Time:2018-10-30 16:39:41    Page view (646)
Bullish sentiment is still high, ethylene oxide Market Outlook. Due to the shortage of supply and demand will continue, the trend of price tightening will be very obvious; with the gradual dissipation of high temperature weather, ethylene oxide will also usher in the peak demand season. Under the praise of many good things, ethylene oxide stable and rising will be the mainstream trend. EO factory initiative will play an obvious role, and pay attention to the market supply situation and downstream adaptation in the later period. Level.
Recently, there are two main reasons for the tight supply of ethylene oxide. Ethylene oxide market has entered a booming stage. The situation of shortage of supply and demand is becoming more and more obvious. The bullish mood in the industry is rising. Domestic EO factories have also raised their ex-factory prices from early September to now. The increase ranges are 800 yuan/ton, 12800 yuan/ton in East China, 13000 yuan/ton in North China, 12800 yuan/ton in Maoming Petrochemical Company and 12900-13000 yuan/ton in Northeast China. Yuan / ton, we can see the frequent price adjustment of factories. The downstream of ethylene oxide is relying heavily on EO plants and can only follow up price adjustment. However, at present, the market of ethylene oxide is not a price problem, but the supply is very tight. There is a trend of infinite skyrocketing. Load reduction or parking overhaul are common in some downstream areas due to lack of EO procurement. .
One reason is that the domestic equipment maintenance is relatively concentrated, such as: Yanshan Petrochemical Plant began to repair on August 11, the current operation of the plant is still unstable, white latex production is not yet available; Shanghai Petrochemical Plant has been officially shut down in the morning of September 14, scheduled for maintenance for about 45 days; Jilin Petrochemical Ethylene Oxide Plant, one of the devices due to replacement. Chemicals will be stopped and repaired from September 7 to September 20. Liaoyang Petrochemical Company and Maoming Petrochemical Company are scheduled to be repaired around mid-October. The successive repairs of the units will last until mid-October, so the trend of tight price of ethylene oxide will continue.

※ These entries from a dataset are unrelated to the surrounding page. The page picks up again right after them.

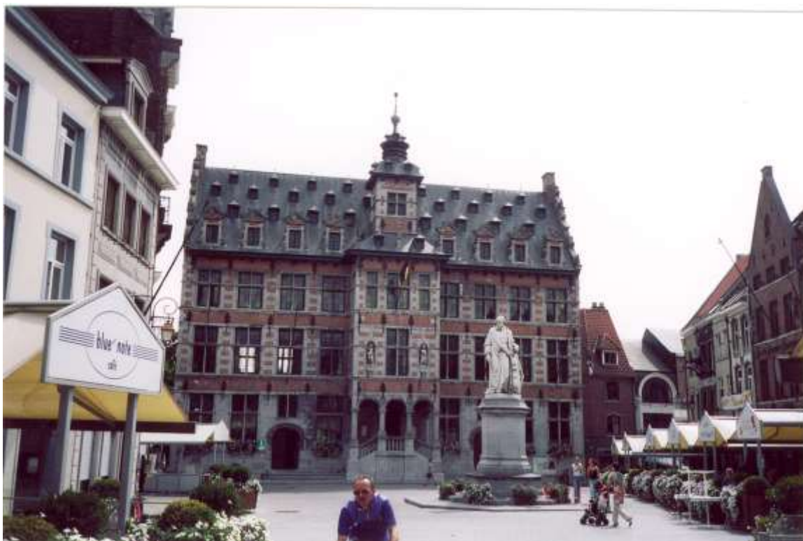
Rådhuset i Hal, der ligger over for basilikaen
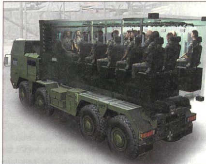
Der Container bietet Platz für 18 Personen. Mit Hilfe eines Hakenladesystems ist ein schnelles Auf- und Abladen auf das Transportfahrzeug möglich.

Das System integriert die Technik zur Einsatzführung, Kommunikation, Informationsgewinnung und -verteilung in derzeit 13 klimatisierten Containern. Der Gefechtsstand kann vollständig, aber auch in Modulen genutzt werden. Durch die Transportfähigkeit auf verschiedenste Transportmittel wird den heutigen Anforderungen an die Mobilität militärischer Systeme Rechnung getragen. P.J.
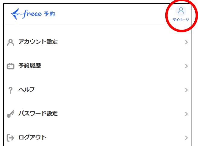
予約サイトのマイページ

In 2011, ethylene glycol was very strong. Another driving force came from ethylene glycol. Despite the complexity of the global economy, the shadow of the European debt crisis remains unchanged, the risk of the U.S. economic downturn has risen significantly, and market worries remain unabated, but in the absence of new installations in the world, the Taipei Plastic Fire has dragged down the start of installations in South Asia from time to time, the supply-side support market continues to rise, and the final return of ethylene glycol to the 10,000 yuan barrier. Mouth. Because domestic plants are basically co-production of ethylene glycol, so when the profit point of ethylene glycol is abundant, manufacturers will also increase the output to ethylene glycol, and ultimately the volume of ethylene glycol is large. The ethylene glycol's wind breaks the life of ethylene oxide, and ethylene oxide goes straight along with ethylene glycol.
But this year, downstream demand slowly started to become a drag on the active market. Short-term supply is tight and downstream demand is flat confrontation situation, downstream surfactant market: the "golden nine silver ten" radical peak season of daily chemical industry. Downstream, the daily chemical and chemical fiber industry load rate is low, because the economic situation is not optimistic, manufacturers basically maintain small sales orders. With the further guidance of the good news, it is expected that the face-off situation will continue for a short time, and the rigid demand will gradually follow up.